I always enjoy books that challenge all the usual “sides” of an issue. He’s saying a lot of the same things that, for example, a Tucker Carlson might say. From my right-leaning friends, family, and media sources, I have often heard these sorts of sentiments. “Focusing so much on different identity markers gets in the way of seeing us as just human—it just divides, it doesn’t unite us into a group that can do things.” “To whatever extent there are still problems among these groups, simply ‘representation’ isn’t going to fix it.” “Why would we want ourselves or our credentials to be defined by the worst thing that have ever happened to us or people like us?” “Why don’t we choose the best person or group to get the job done and less on all the identity markers?” “Can I only talk about an issue I’m concerned about if I am a marginalized member of that minority? I can’t have an opinion or say in this?” “The problem is more about class and economics, not race and identity.” Etc. Etc. Etc. I’m sure you know what I’m talking about.

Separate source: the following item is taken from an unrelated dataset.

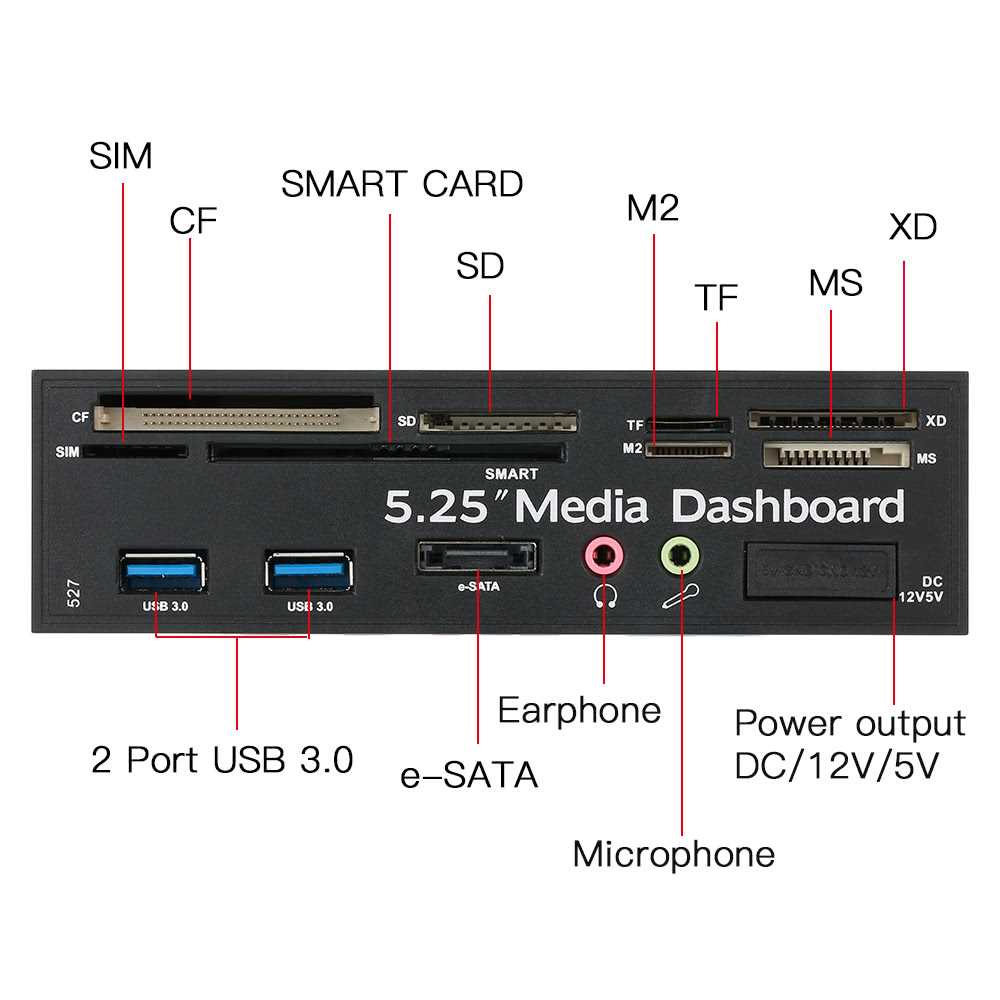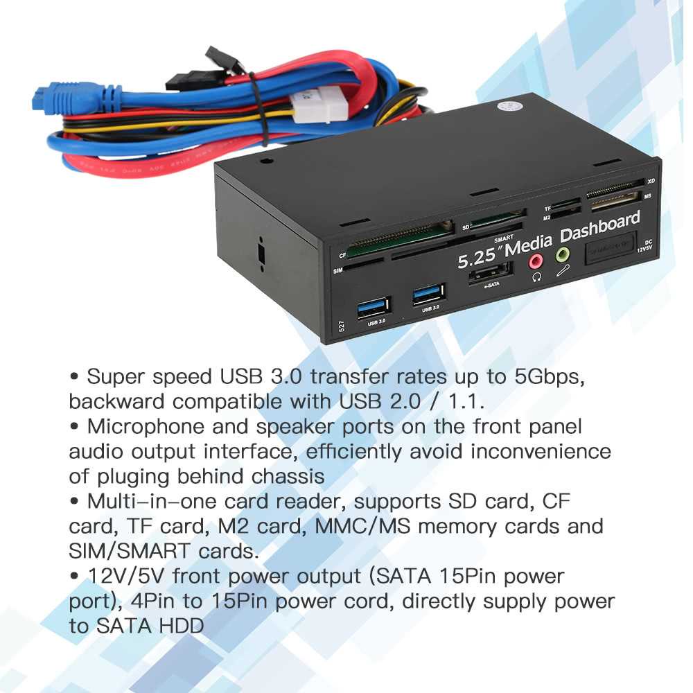 Multi-Function USB 3.0 Hub eSATA Port Internal Card Reader PC Dashboard Media Front Panel Audio for SD MS CF TF M2 MMC

However, I love that Taiwo can say things along these lines but then says them even as he promotes the black radical tradition, liberation politics, environmentalism, redistribution of material goods, and a Marxist seizing of the means of production by the organized common people.

It also matters that he is the one saying these things. Even if my gut agrees with much of what he is saying, I still don’t think it is my place to say it. I still think that my own intuitions are largely shaped by my limited cultural perspectives, so I do have to listen to others’ voices (also known as deferring to them) before my own in these matters. So, if there is any truth to these sentiments that roll around inside of me (and other white people) sometimes, that needs to be voiced from within that marginalized community and tradition and not from outside people like me.

I also really like how his account of the “elite” is more dynamic than the usual critique. While some people talk of this “elite” as almost an organized conspiracy trying to keep people down to maintain power, Taiwo talks more about eliteness as such. It almost sounds like the way many people speak of white supremacy and structural racism: you don’t have to be a racist to be perpetuating or acting out of racism and doing racist things. Similarly, in Taiwo’s account, the identity of the “elite” is slippery and shifting and can change context to context. It’s not always the rich white male at the top of an organization. It can be whoever is wielding power in a given space—including the marginalized individual that’s been given deference, the group microphone, and the authority to declare who is in and out of the “room”. “Eliteness”—and who benefits from identity and whatever space they’re in—shifts and morphs, perhaps even moment-by-moment, based on a lot of different factors. And there are no easy answers.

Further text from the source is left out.